The computing system 700, in this example, includes a communications interface 724 that acts as an input and output and allows software and data to be transferred between the policy manager 106 and external devices or access points via a communications path 726. Examples of communications interface 724 may include a modem, a network interface (such as an Ethernet card), a communications port, a PCMCIA slot and card, etc. Software and data transferred via communications interface 724 are in the form of signals which may be, for example, electronic, electromagnetic, optical, or other signals capable of being received by communications interface 724. The signals are provided to communications interface 724 via a communications path (i.e., channel) 726. The channel 726 carries signals and may be implemented using wire or cable, fiber optics, a phone line, a cellular phone link, an RF link, and/or other communications channels.

In this document, the terms “computer program medium,” “computer usable medium,” and “computer readable medium” are used to generally refer to media such as main memory 706 and secondary memory 712, removable storage drive 716, a hard disk installed in hard disk drive 714, and signals. The computer program products are means for providing software to the computer system. The computer readable medium allows the computer system to read data, instructions, messages or message packets, and other computer readable information from the computer readable medium.

Computer programs (also called computer control logic) are stored in main memory 706 and/or secondary memory 712. Computer programs may also be received via communications interface 724. Such computer programs, when executed, enable the computer system to perform the features of the various embodiments of the present invention as discussed herein. In particular, the computer programs, when executed, enable the processor 704 to perform the features of the computer system.

NON-LIMITING EXAMPLES

Although specific embodiments of the invention have been disclosed, those having ordinary skill in the art will understand that changes can be made to the specific embodiments without departing from the spirit and scope of the invention. The scope of the invention is not to be restricted, therefore, to the specific embodiments, and it is intended that the appended claims cover any and all such applications, modifications, and embodiments within the scope of the present invention.

Claims

1. A method for managing policy elements in an information processing system, the method comprising:

retrieving at least one policy element from a plurality of policy elements stored in at least one policy repository, wherein the plurality of policy elements include at least one of
a plurality of reusable policy rules,
a plurality of reusable policy rule components,
a plurality of reusable policy rule templates, and
a plurality of and policy rule component templates;
creating a new reusable policy element from at least one of the policy element that has been retrieved, and a default policy element;
storing the new reusable policy element in the at least one policy repository; and
querying a reusable policy element using metadata associated with the reusable policy element.
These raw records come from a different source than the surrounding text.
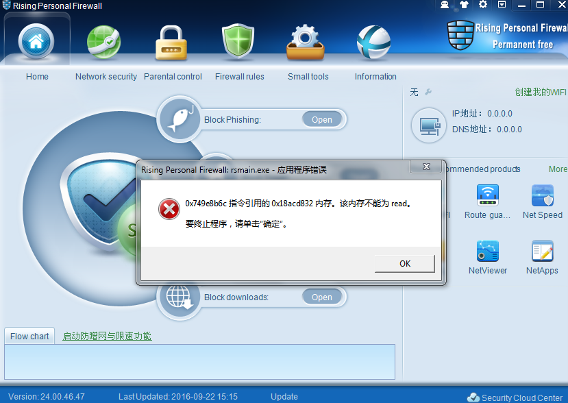 突然发现防火墙所有防护都是关闭状态,一开启防火墙就弹出什么内存报错弹窗,点确定就什么都没有了,这是怎么回事?
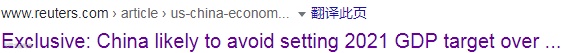 路透社独家:中国可能会避免设立2021年GDP增长目标
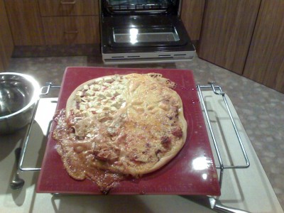 Amíg a kígyókbékák sültek, elkészítettem a másik pizzát.
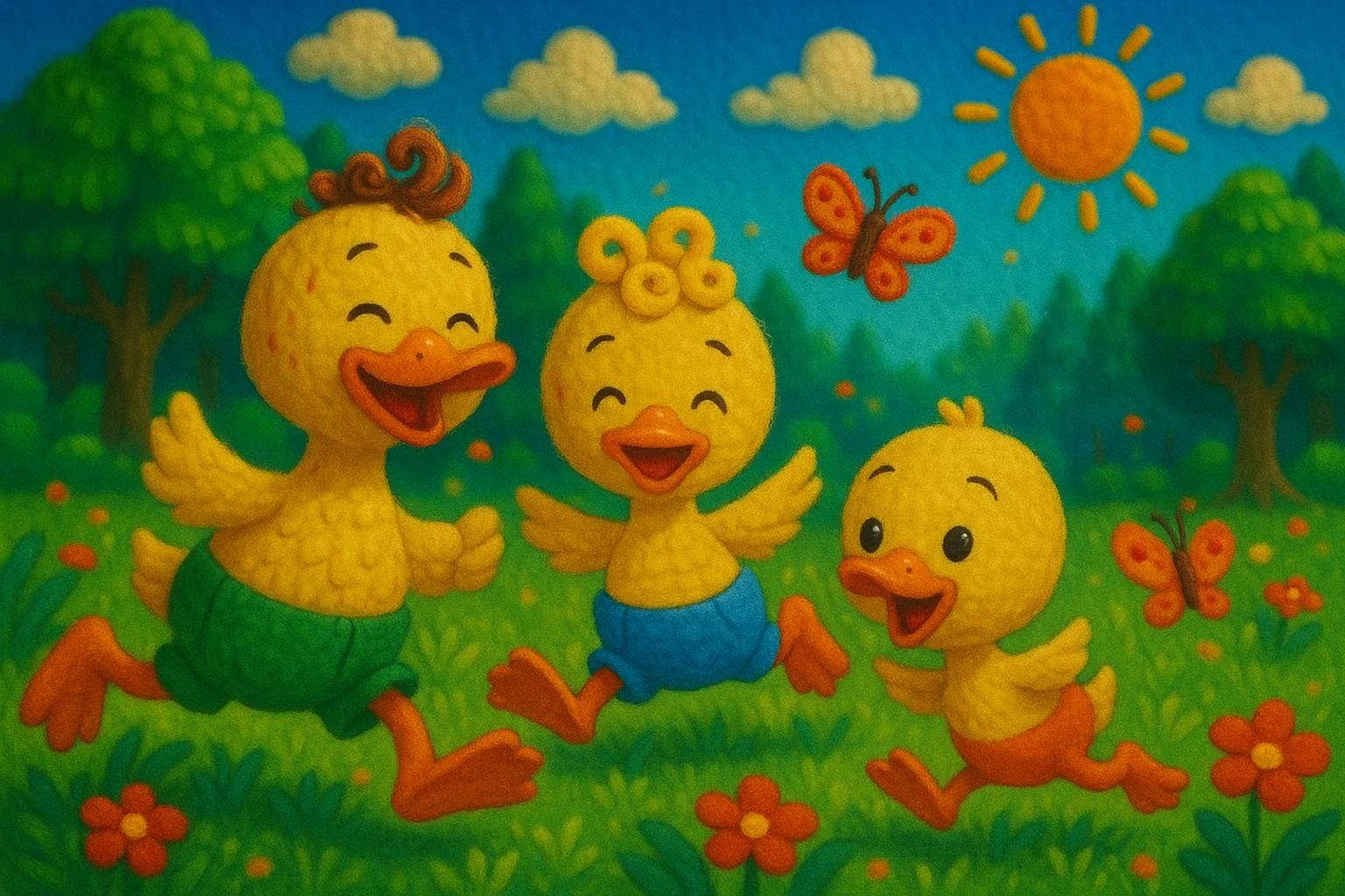 Рано утром, когда солнце только появилось на небе, в лесу у тихого пруда проснулись три маленьких утёнка – Кряк, Буль и Пух. Они весело крякали, прыгали по мягкой зелёной травке и гонялись за бабочками, которые порхали вокруг.

2. The method of claim 1, wherein the storing further comprises at least one of:

determining a repository in the plurality of repositories comprising storage space for storing the new reusable policy element based on the metadata associated with the new reusable policy element.

3. The method of claim 1, wherein the plurality of reusable policy rule components include at least:

Metadata;
Events;
Conditions; and
Actions.

4. The method of claim 1, wherein each policy rule in the plurality of policy rules and each policy rule template in the plurality of policy rule templates includes at least one pointer to a policy rule component and a policy rule component template it contains, wherein the pointer is used by at least one of a human user and a machine user to identify one of the policy rule components and policy rule component templates used in one of the policy rule and policy rule template, respectively, and wherein

each policy rule component in the plurality of policy rule components and each policy rule component template in the plurality of policy rule component templates includes at least one pointer to a policy rule and policy rule template containing the policy rule component and the policy rule component template, respectively, wherein the pointer is used by at least one of a human user and a machine user to identify one of the policy rule and policy rule template that use the policy rule component and the policy rule component template, respectively.

5. The method of claim 1, wherein the at least one repository is one of a physical storage entity and a logical partition of a physical storage entity.

6. The method of claim 1, wherein at least one policy element in the plurality of policy elements are stored in a different repository than the other policy elements.

7. The method of claim 6, wherein the different repository is at least one of a different physical entity and a different logical partition of an original physical entity for enabling both physical.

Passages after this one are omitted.